Data under study -
————

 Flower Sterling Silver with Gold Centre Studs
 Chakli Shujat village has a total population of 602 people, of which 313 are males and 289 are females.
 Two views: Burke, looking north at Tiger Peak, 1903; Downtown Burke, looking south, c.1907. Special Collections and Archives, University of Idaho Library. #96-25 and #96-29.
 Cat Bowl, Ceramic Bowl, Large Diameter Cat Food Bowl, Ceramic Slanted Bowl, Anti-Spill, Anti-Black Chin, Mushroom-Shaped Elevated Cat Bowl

————

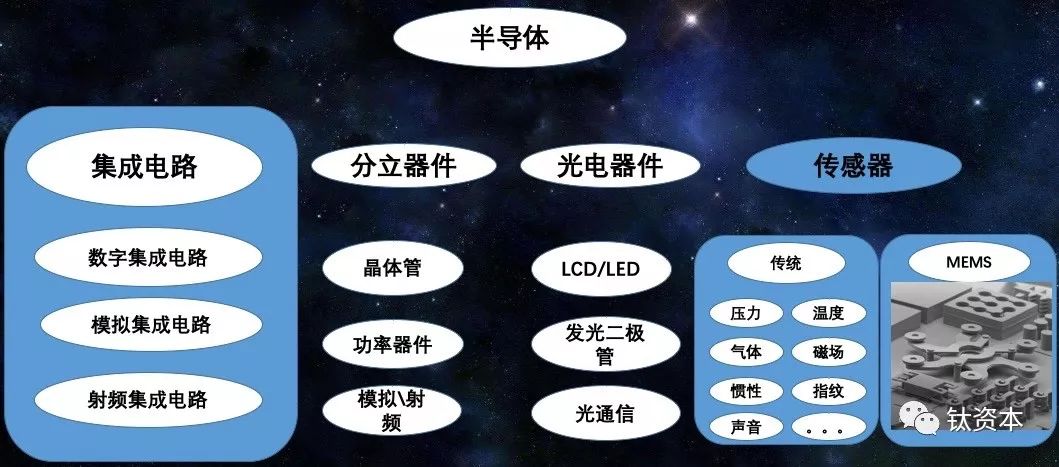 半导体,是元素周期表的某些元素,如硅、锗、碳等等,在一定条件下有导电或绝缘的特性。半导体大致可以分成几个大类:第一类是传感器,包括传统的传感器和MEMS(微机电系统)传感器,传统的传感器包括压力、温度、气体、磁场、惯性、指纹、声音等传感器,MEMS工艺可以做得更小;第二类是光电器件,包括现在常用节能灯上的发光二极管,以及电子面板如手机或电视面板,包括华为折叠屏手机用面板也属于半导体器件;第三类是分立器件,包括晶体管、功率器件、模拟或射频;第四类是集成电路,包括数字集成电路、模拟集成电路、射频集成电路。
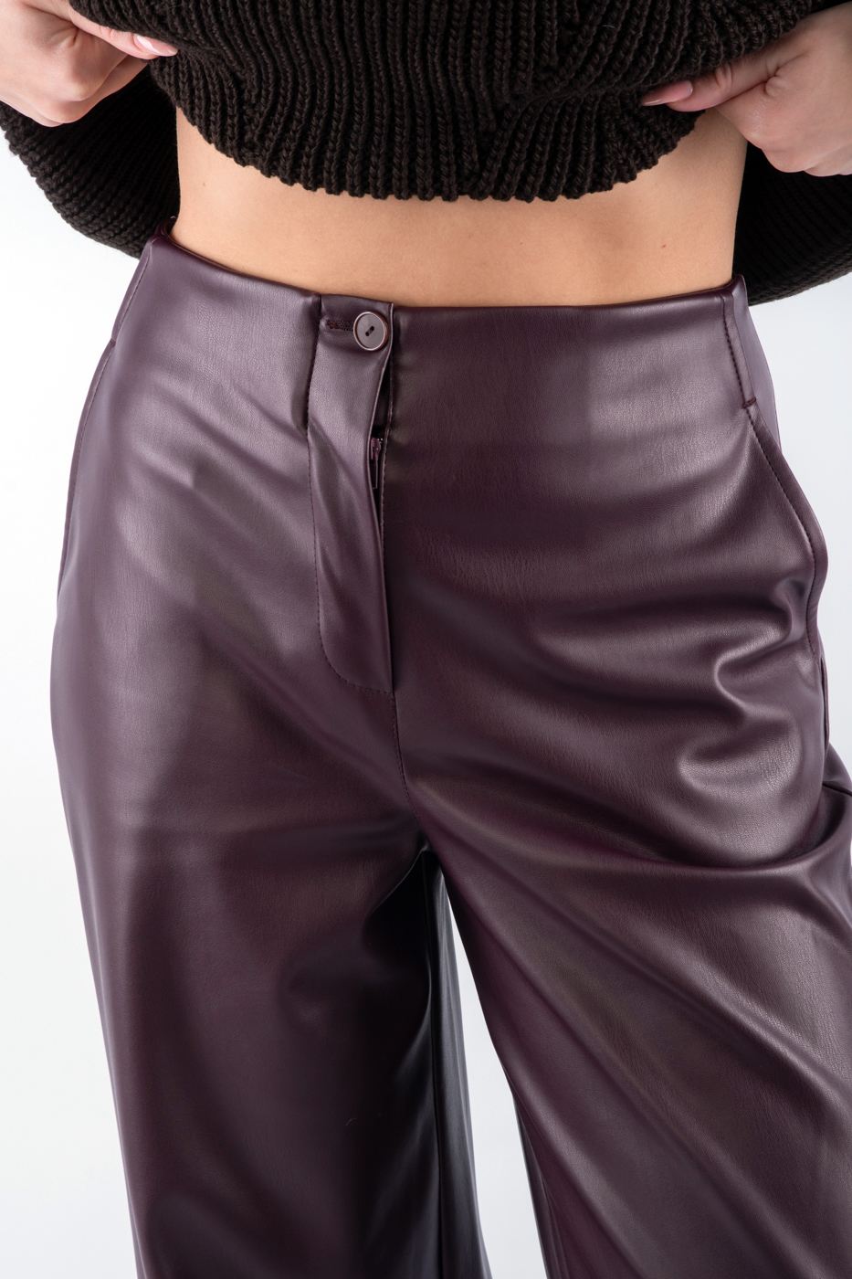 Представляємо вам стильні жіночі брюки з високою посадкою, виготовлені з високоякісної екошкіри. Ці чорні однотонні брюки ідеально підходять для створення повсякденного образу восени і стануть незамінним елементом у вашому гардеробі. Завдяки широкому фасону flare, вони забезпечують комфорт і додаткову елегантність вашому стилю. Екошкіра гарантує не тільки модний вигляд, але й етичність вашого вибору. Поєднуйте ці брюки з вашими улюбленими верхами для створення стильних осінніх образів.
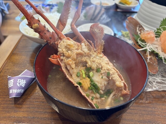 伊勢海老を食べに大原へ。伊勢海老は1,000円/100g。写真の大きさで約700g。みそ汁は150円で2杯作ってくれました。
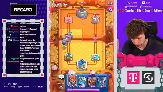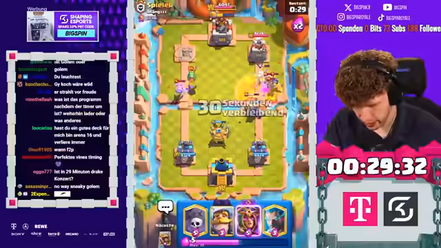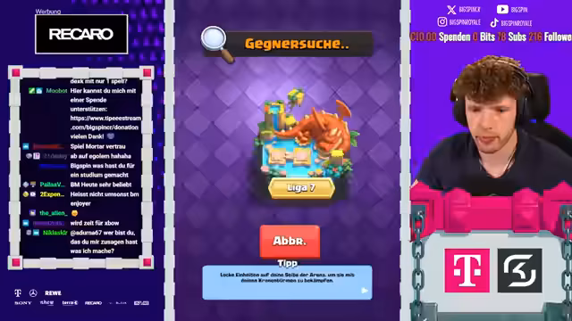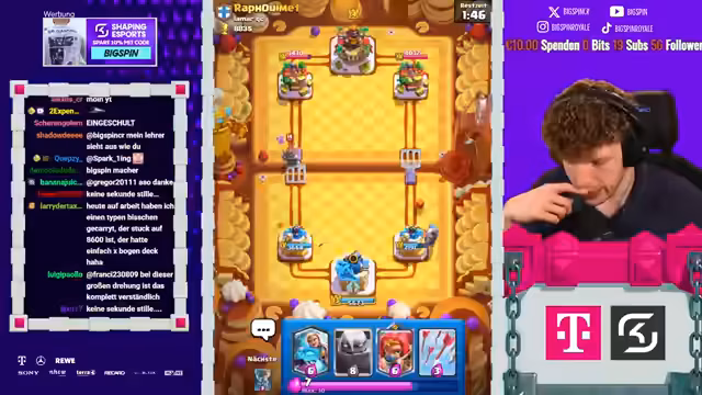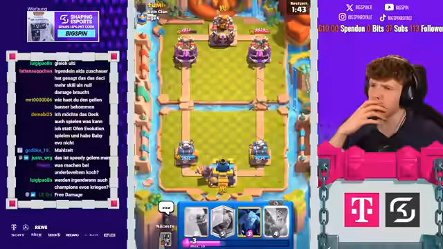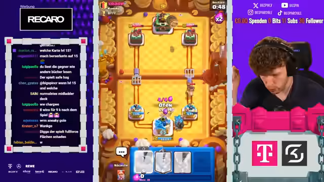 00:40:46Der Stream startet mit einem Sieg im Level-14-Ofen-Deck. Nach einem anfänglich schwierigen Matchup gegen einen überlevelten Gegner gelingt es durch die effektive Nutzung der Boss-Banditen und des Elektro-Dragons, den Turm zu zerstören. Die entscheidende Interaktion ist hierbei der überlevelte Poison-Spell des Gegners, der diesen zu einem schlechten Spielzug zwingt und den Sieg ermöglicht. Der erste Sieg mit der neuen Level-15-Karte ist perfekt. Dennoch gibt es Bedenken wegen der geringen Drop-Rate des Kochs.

————

Look above for the line holding "Two views: Burke, looking", then set down exactly that line and every line after it up to and including the line holding "Cat Bowl, Ceramic", with nothing else.

Task result -
 Two views: Burke, looking north at Tiger Peak, 1903; Downtown Burke, looking south, c.1907. Special Collections and Archives, University of Idaho Library. #96-25 and #96-29.
 Cat Bowl, Ceramic Bowl, Large Diameter Cat Food Bowl, Ceramic Slanted Bowl, Anti-Spill, Anti-Black Chin, Mushroom-Shaped Elevated Cat Bowl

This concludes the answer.